Il est essentiel de continuer à investir dans les infrastructures de connectivité pour désenclaver davantage les pays du Sahel.

En 2017, le Bénin a pris l'initiative de permettre à tous les Africains d'entrer au Bénin sans visa pour une durée de 30 jours. Cette décision représente un préalable crucial, car la libre circulation encourage l'engagement dans des activités commerciales communes. Parallèlement, il est impératif de travailler pour une intégration effective de nos blocs régionaux. Actuellement, certains de ces blocs, présentent des lacunes dans la facilitation de la libre circulation des biens, des investissements et des capitaux au sein de leurs espaces régionaux respectifs. Il est essentiel de résoudre ces problèmes au niveau régional avant d'envisager une discussion à l'échelle continentale.

Au Bénin, nous considérons que la première étape de cet agenda devrait être la facilitation de la libre circulation des personnes. Nous sommes fiers d'avoir déjà pris cette mesure, permettant à tous les Africains d'entrer au Bénin sans visa. Nous sommes également engagés dans des discussions bilatérales pour promouvoir cette libre circulation avec nos partenaires. Nous saluons les progrès réalisés au niveau du Royaume du Maroc, notamment l'introduction de l'e-visa pour les ressortissants de certains pays, une avancée positive. Il est crucial de progresser vers une libre circulation des personnes, sur le modèle de la construction européenne, où les déplacements entre pays se font sans librement. Nous aspirons à une telle harmonisation en Afrique.

Quels ont été les principaux résultats de la réunion de Cotonou du groupe de réflexion de la Coalition mondiale pour vaincre Daesh en Afrique ?

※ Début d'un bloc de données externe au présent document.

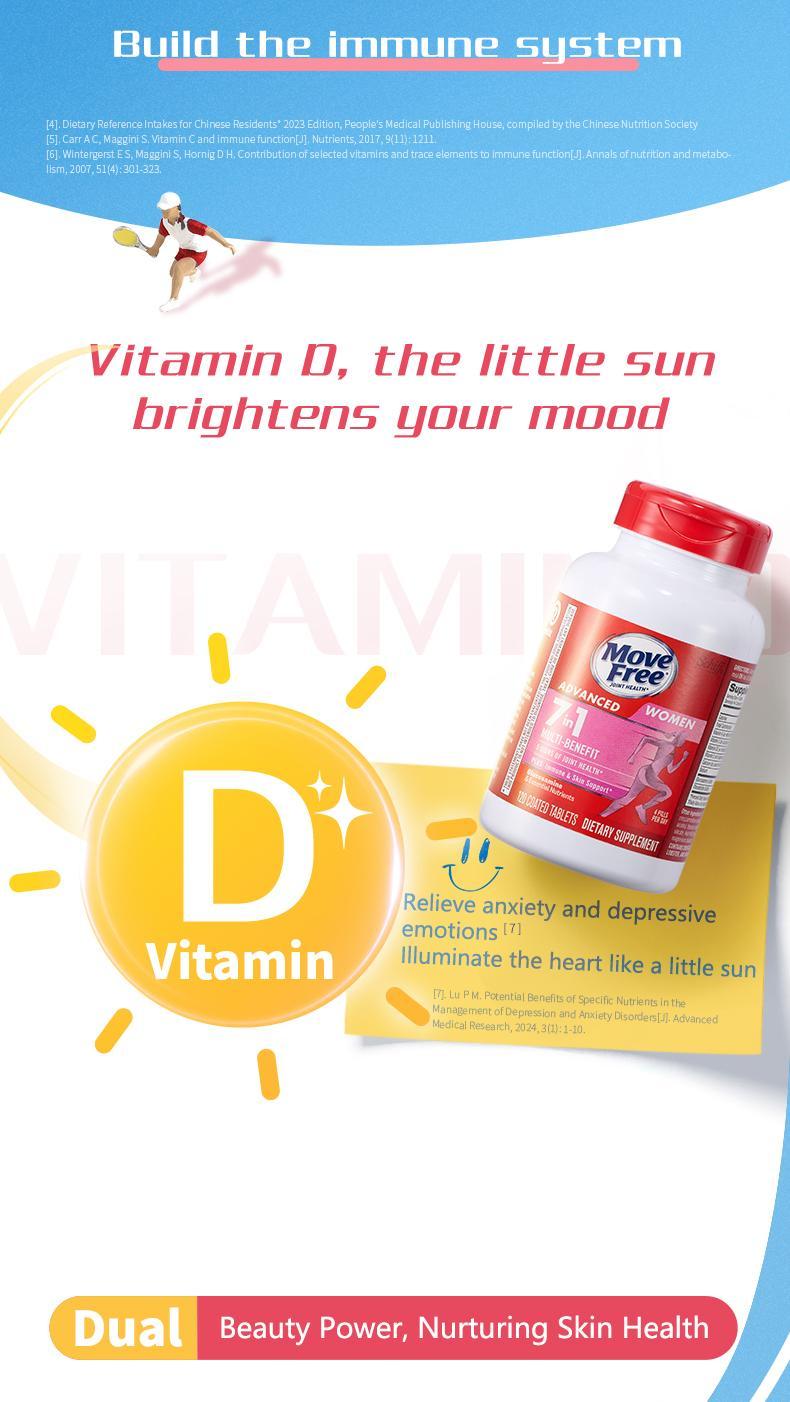 Move Free Advanced Women's Joint Health Supplement✨ Key Benefits: This supplement focuses on joint health, offering a comprehensive 7-in-1 formula. It includes glucosamine, chondroitin, calcium, and vitamins essential for women's joint care. The complex supports overall joint health, making it a vital addition to any health regimen.·Quantity: 120 coated tablets·Composition: 7 key ingredients in one packageEach tablet is formulated to provide essential nutrients for joint health. The coating ensures easy consumption and absorption of beneficial components. Perfect for those seeking a convenient way to support their joint health needs.Suitable for: Women looking to enhance their joint health naturally. Follow the recommended dosage for best results. This supplement complements a balanced diet and lifestyle choices for optimal joint health. No additional features or claims are made beyond the provided information.
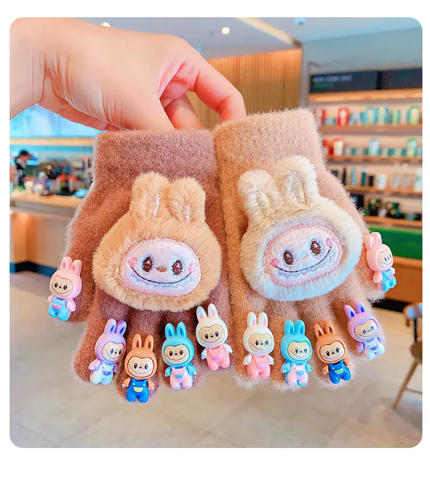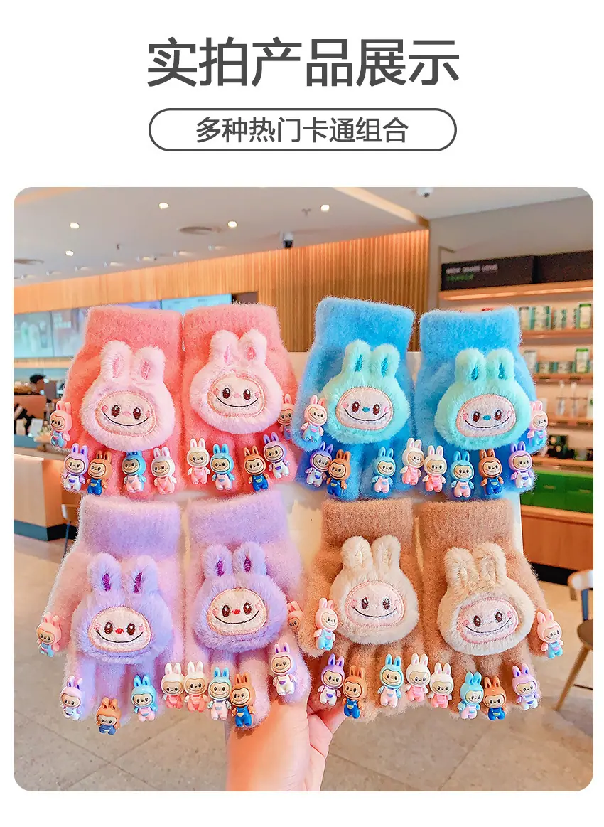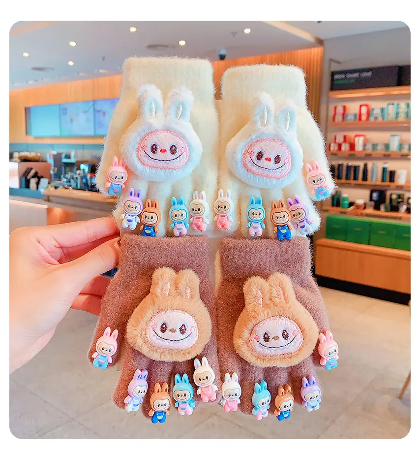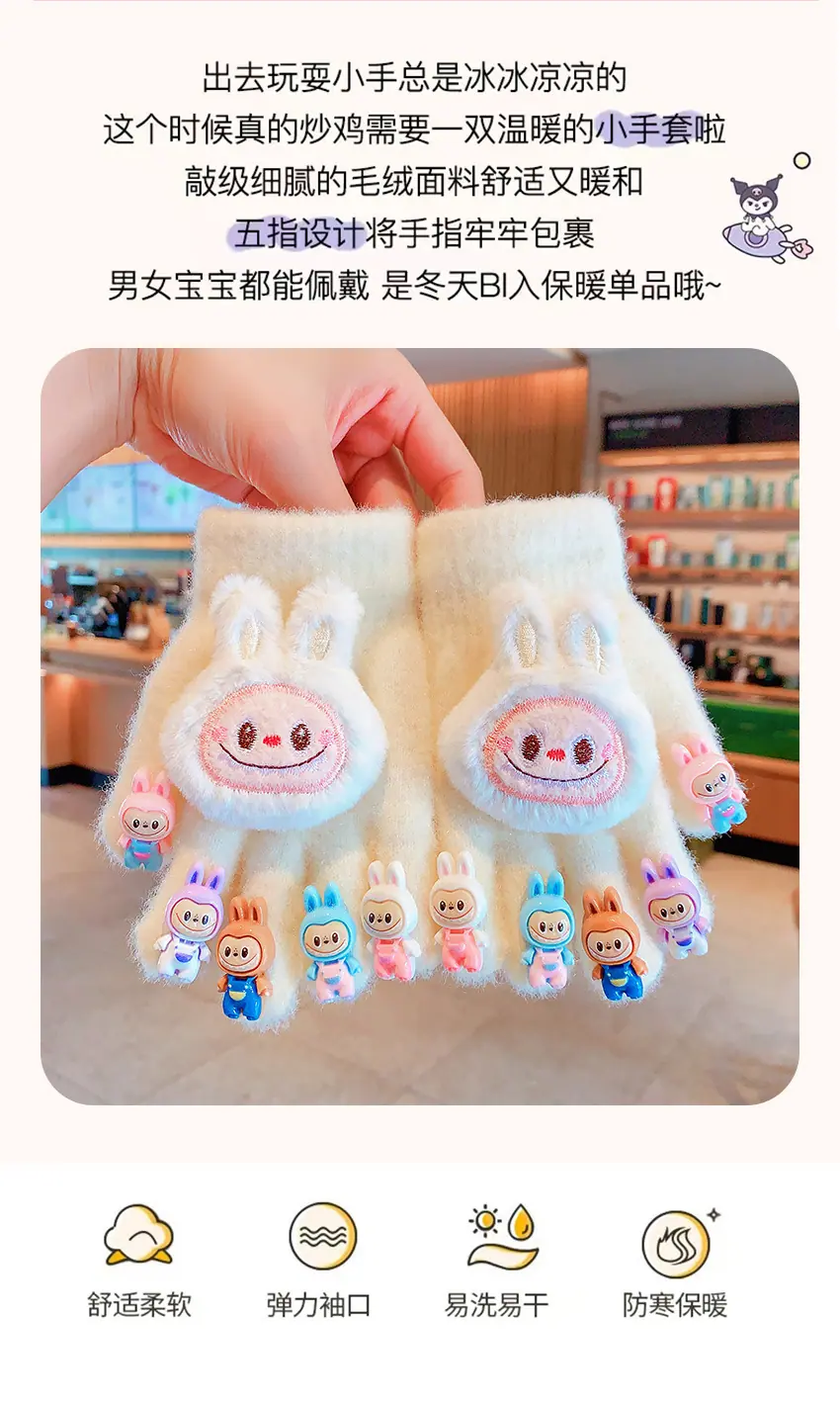 Guantes para niños nuevos de dibujos animados lindos de tela pull guantes de cinco dedos invierno niños y niñas a prueba de frío cálidos guantes de dedo para bebé

Il s'agit d'une réunion technique à laquelle nous avons adhéré avec grand enthousiasme. Nous avons rejoint cette coalition lors de la réunion qui s'est tenue à Marrakech, et c'est un plaisir d'accueillir cette rencontre technique à Cotonou. Lorsque nous évoquons Daesh, c'est bien plus qu'un simple terme. L'idée est de former une coalition de pays réfléchissant aux moyens de lutter contre les diverses menaces terroristes auxquelles nous faisons face aujourd'hui, que ce soit Daesh ou d'autres groupes. Un travail spécifique a été réalisé par les équipes techniques sur divers aspects, tels que l'échange de renseignements, la présence sur le terrain, et une approche concertée englobant non seulement une réponse sécuritaire, mais également des réponses en termes de développement et de prévention. Cette dernière est essentielle, et au Bénin, nous avons mis l'accent sur son importance auprès de nos partenaires et des membres non africains de cette coalition. Nous avons souligné l'impact que certaines situations en dehors de notre région peuvent avoir sur les questions de terrorisme, en particulier la nécessité urgente d'établir un cessez-le-feu à Gaza. C'est crucial, car les images actuelles de Gaza pourraient être exploitées par des groupes terroristes pour le recrutement dans différents pays. Pour, nous l’essentiel n’est pas simplement de s’engager dans une lutte contre Daesh, mais plutôt pour vaincre le terrorisme en Afrique.